# TASK REQUIREMENTS
Starting with the line that contains "Den matte overflade", return every line through the end of the listing below exactly as written. Omit the pictures.

# PROVIDED MATERIAL
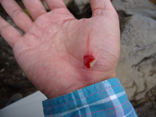 頭の中でではこけている自分がイメージされているんですが体が動かない。思わず手をついたらこの有様です、手袋していたのにね。
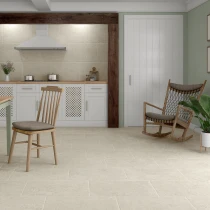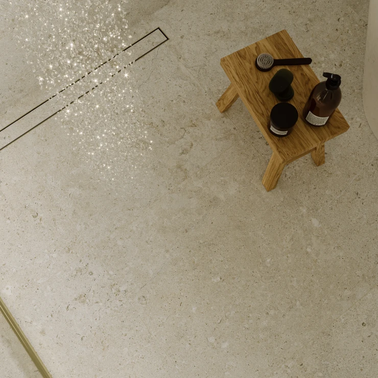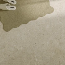 Den matte overflade og den fine stenåring gengiver på autentisk vis følelsen af ægte kalksten med en raffineret råhed, der tilfører dybde og karakter til ethvert rum.
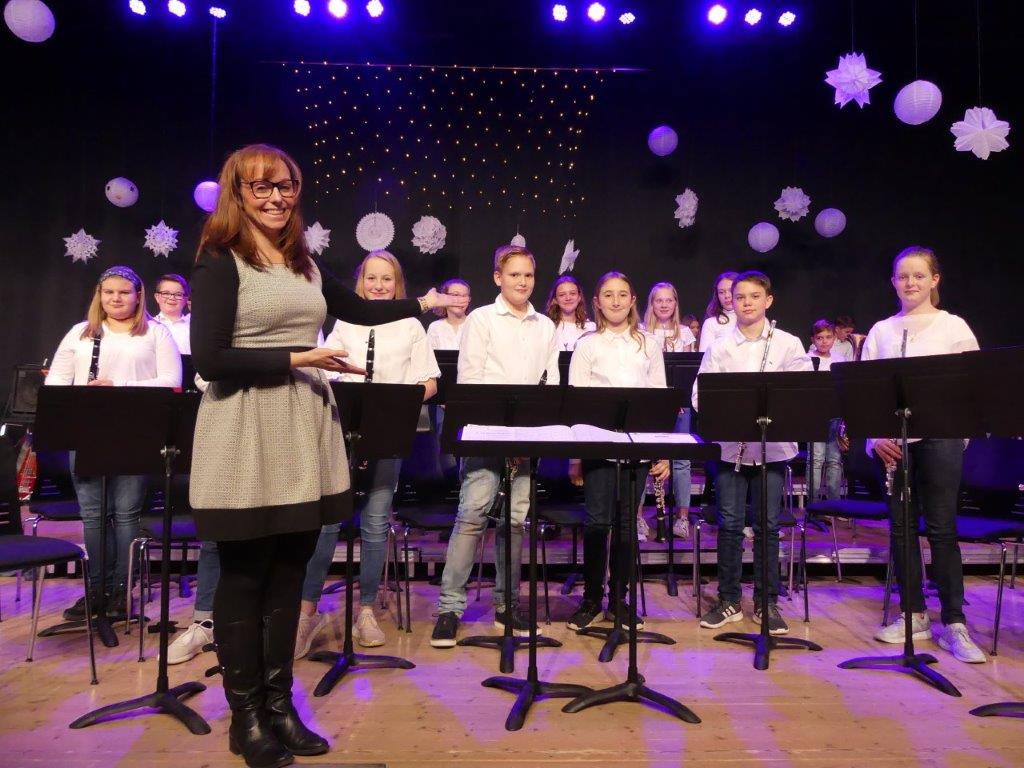 Vier Bläserklassen bereiteten mit ihren fünf Dirigentinnen und Dirigenten den Zuhörern in der weihnachtlich geschmückten Aula der Heimschule mit dem Winterkonzert eine musikalische vorweihnachtliche Bescherung der besonderen Art.

# YOUR RESPONSE
 Den matte overflade og den fine stenåring gengiver på autentisk vis følelsen af ægte kalksten med en raffineret råhed, der tilfører dybde og karakter til ethvert rum.
 Vier Bläserklassen bereiteten mit ihren fünf Dirigentinnen und Dirigenten den Zuhörern in der weihnachtlich geschmückten Aula der Heimschule mit dem Winterkonzert eine musikalische vorweihnachtliche Bescherung der besonderen Art.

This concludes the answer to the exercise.